[Description of the task]: Give again, word for word, the lines below that run from the line with "連なるキュービックジルコニアが上品に煌めくブレスレット。" through the line with "programowy Omada |". Drop the pictures.

[Provided records]:
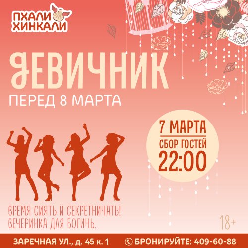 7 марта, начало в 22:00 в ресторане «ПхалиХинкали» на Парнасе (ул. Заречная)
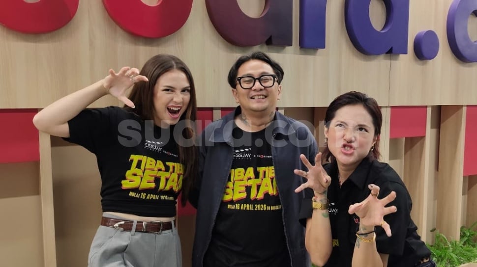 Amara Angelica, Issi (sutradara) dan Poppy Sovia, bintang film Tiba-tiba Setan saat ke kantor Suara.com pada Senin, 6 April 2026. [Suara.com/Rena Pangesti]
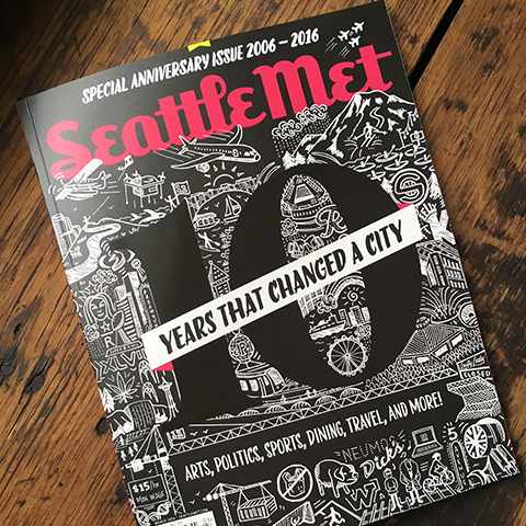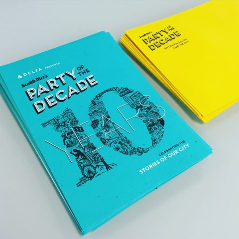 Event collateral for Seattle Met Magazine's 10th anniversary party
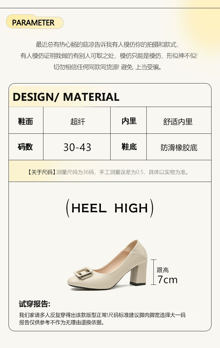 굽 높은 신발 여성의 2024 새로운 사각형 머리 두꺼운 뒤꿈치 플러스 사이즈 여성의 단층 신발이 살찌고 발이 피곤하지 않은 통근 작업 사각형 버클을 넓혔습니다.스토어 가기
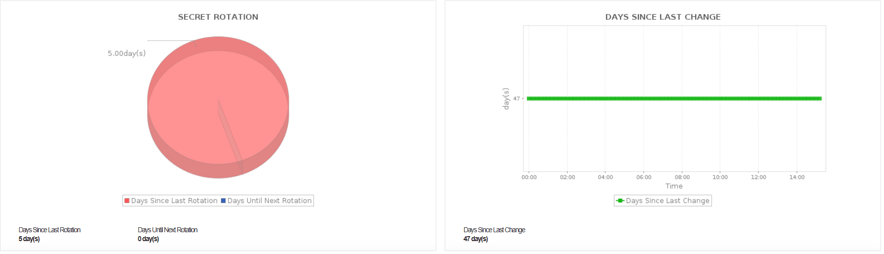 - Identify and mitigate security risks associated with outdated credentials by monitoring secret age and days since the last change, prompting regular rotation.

--

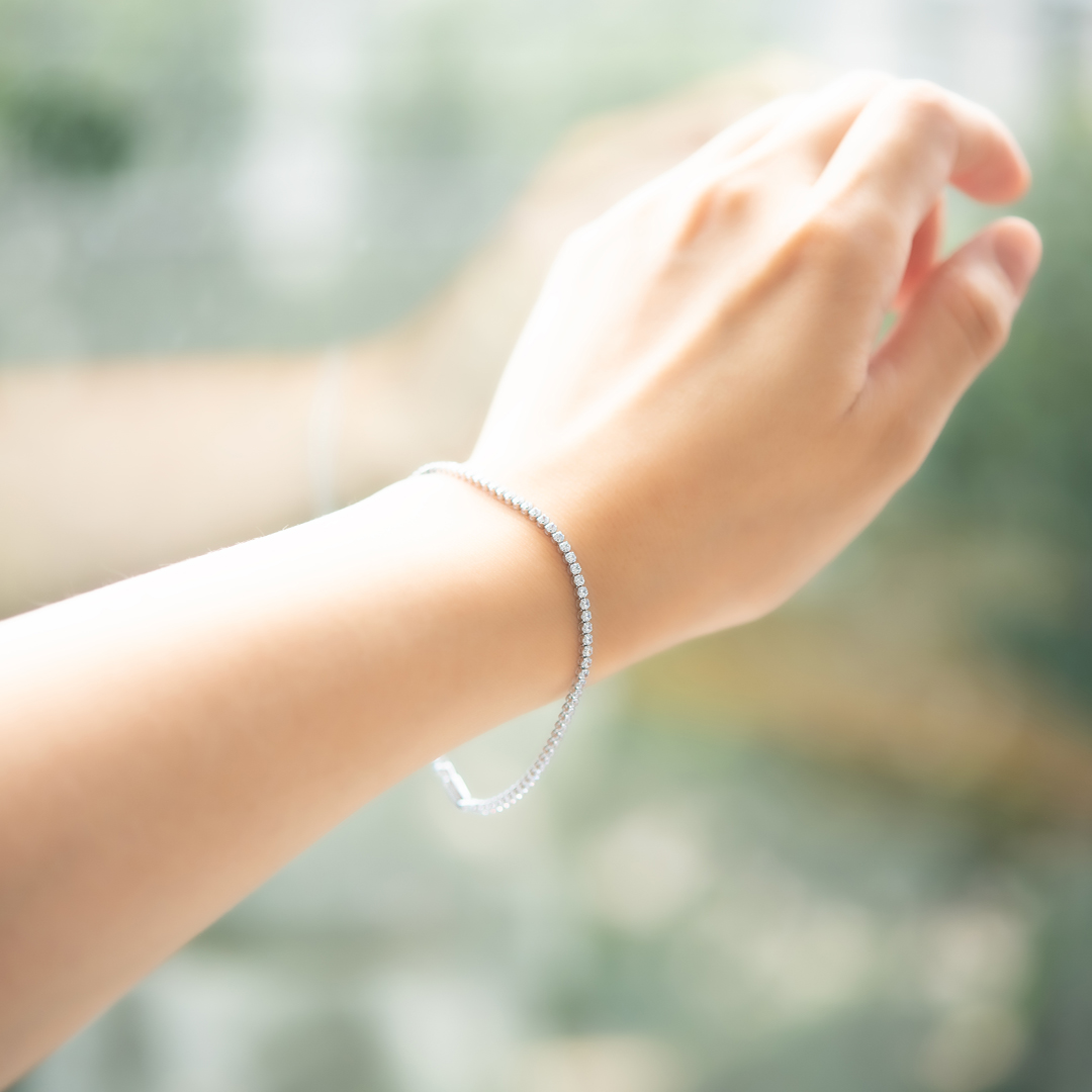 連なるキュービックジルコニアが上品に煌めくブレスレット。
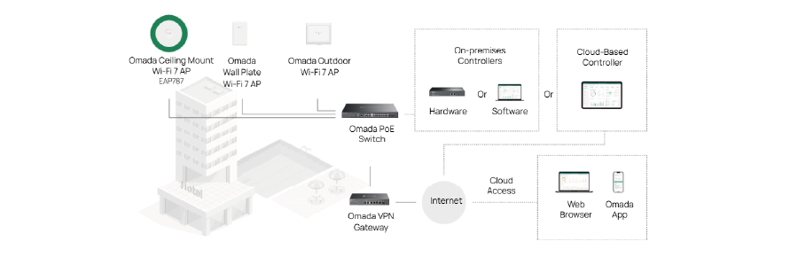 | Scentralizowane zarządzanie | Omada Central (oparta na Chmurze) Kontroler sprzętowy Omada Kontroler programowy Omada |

[Solved problem]:
 連なるキュービックジルコニアが上品に煌めくブレスレット。
 | Scentralizowane zarządzanie | Omada Central (oparta na Chmurze) Kontroler sprzętowy Omada Kontroler programowy Omada |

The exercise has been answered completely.